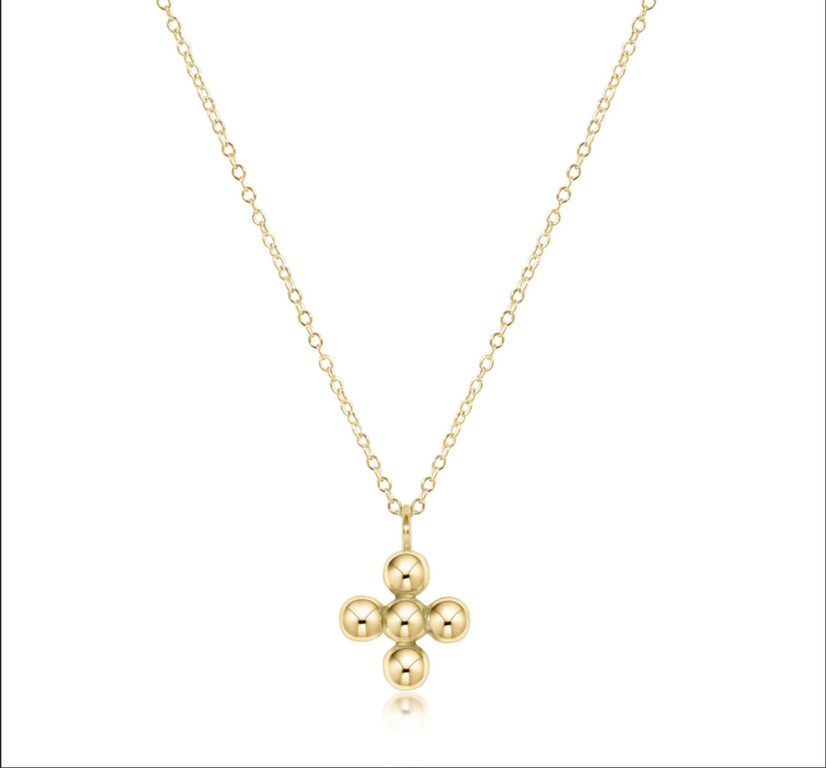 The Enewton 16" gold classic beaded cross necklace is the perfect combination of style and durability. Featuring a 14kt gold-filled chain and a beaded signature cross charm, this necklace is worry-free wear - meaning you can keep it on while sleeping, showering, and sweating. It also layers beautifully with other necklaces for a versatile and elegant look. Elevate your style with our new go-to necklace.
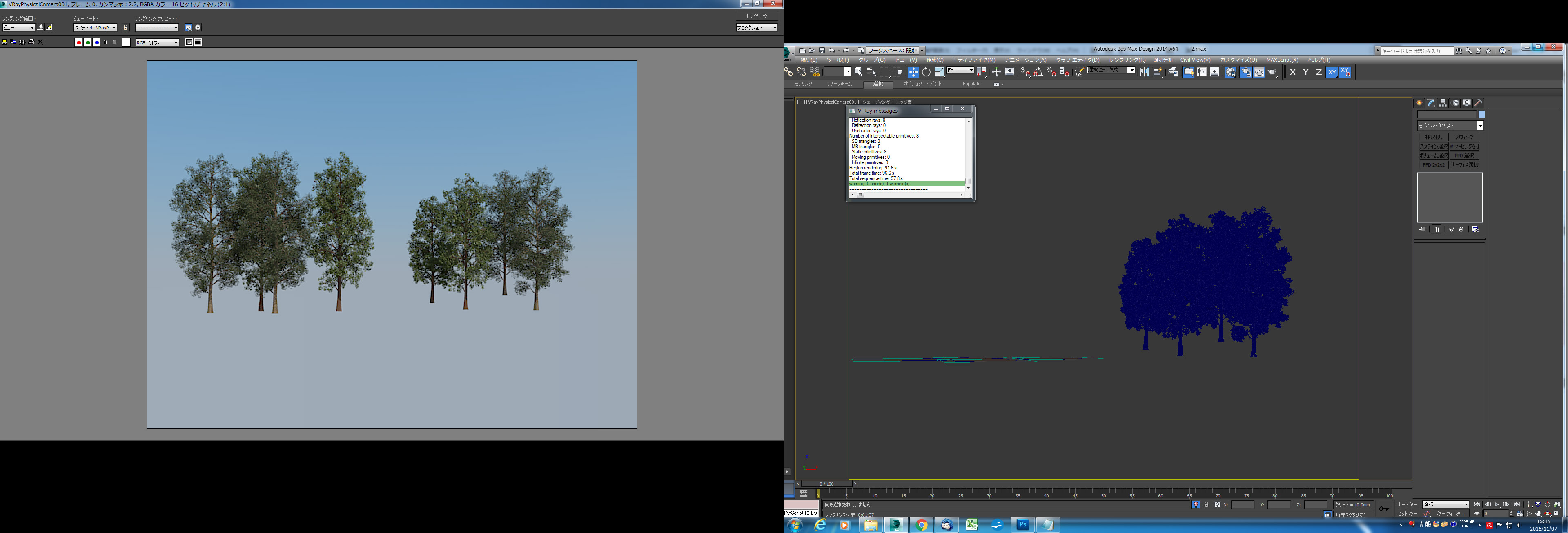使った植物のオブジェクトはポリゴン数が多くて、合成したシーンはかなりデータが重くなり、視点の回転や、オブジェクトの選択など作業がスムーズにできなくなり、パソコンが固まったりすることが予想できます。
####
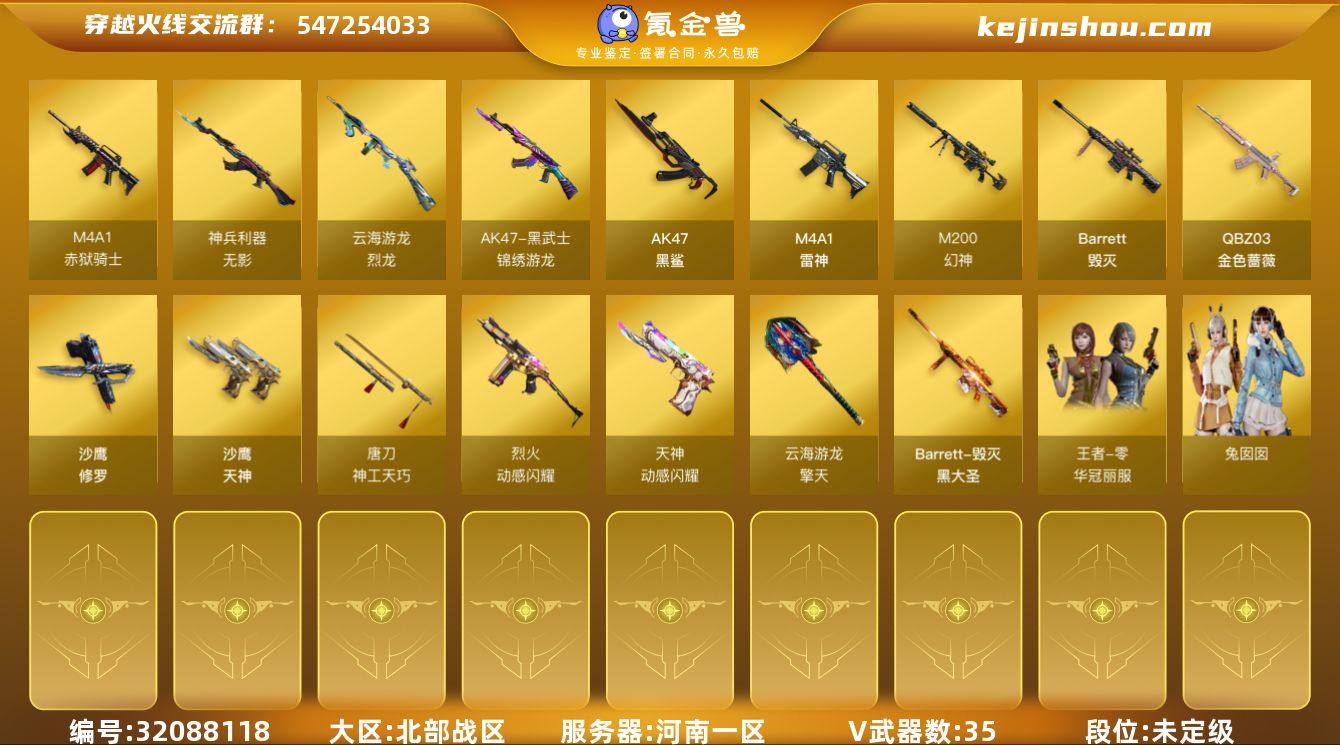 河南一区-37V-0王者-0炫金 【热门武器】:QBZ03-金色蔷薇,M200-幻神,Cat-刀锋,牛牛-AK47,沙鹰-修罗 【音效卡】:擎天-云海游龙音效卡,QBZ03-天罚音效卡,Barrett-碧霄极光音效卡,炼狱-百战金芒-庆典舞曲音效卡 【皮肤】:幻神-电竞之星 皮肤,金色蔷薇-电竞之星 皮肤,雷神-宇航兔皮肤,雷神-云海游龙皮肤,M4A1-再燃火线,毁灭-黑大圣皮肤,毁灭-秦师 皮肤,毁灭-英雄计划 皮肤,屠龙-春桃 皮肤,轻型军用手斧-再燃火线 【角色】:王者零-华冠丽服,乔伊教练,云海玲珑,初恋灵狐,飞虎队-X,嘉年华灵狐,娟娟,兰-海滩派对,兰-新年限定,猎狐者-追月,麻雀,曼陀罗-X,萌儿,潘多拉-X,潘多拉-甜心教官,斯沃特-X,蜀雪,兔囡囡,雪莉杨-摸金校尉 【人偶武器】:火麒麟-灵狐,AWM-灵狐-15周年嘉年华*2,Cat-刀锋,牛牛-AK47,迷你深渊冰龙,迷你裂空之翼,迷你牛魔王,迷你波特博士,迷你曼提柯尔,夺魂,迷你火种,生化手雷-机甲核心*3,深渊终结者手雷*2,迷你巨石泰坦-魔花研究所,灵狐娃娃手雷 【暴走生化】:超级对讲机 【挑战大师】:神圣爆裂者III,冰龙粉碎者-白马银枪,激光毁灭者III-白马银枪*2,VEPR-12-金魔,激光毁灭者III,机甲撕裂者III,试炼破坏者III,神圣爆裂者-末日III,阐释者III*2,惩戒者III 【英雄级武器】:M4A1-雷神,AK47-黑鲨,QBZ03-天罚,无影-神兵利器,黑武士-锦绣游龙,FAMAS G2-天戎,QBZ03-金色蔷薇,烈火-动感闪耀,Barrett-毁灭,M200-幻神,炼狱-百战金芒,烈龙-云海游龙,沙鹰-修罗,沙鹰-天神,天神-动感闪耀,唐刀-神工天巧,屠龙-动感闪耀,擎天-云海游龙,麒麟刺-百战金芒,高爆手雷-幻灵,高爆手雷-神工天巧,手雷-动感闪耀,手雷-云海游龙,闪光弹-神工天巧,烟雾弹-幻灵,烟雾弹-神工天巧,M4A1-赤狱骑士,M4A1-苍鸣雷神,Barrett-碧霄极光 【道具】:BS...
####
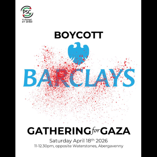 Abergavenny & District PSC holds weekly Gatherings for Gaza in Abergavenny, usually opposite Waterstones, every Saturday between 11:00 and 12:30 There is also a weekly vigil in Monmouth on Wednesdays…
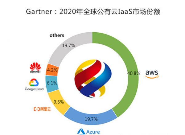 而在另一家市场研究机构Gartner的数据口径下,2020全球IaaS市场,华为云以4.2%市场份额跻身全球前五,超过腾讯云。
####
Using the entries above, transcribe every line from the line containing "Abergavenny & District" through the line containing "而在另一家市场研究机构Gar". Do not copy pictures.

§ Your solution:
 Abergavenny & District PSC holds weekly Gatherings for Gaza in Abergavenny, usually opposite Waterstones, every Saturday between 11:00 and 12:30 There is also a weekly vigil in Monmouth on Wednesdays…
 而在另一家市场研究机构Gartner的数据口径下,2020全球IaaS市场,华为云以4.2%市场份额跻身全球前五,超过腾讯云。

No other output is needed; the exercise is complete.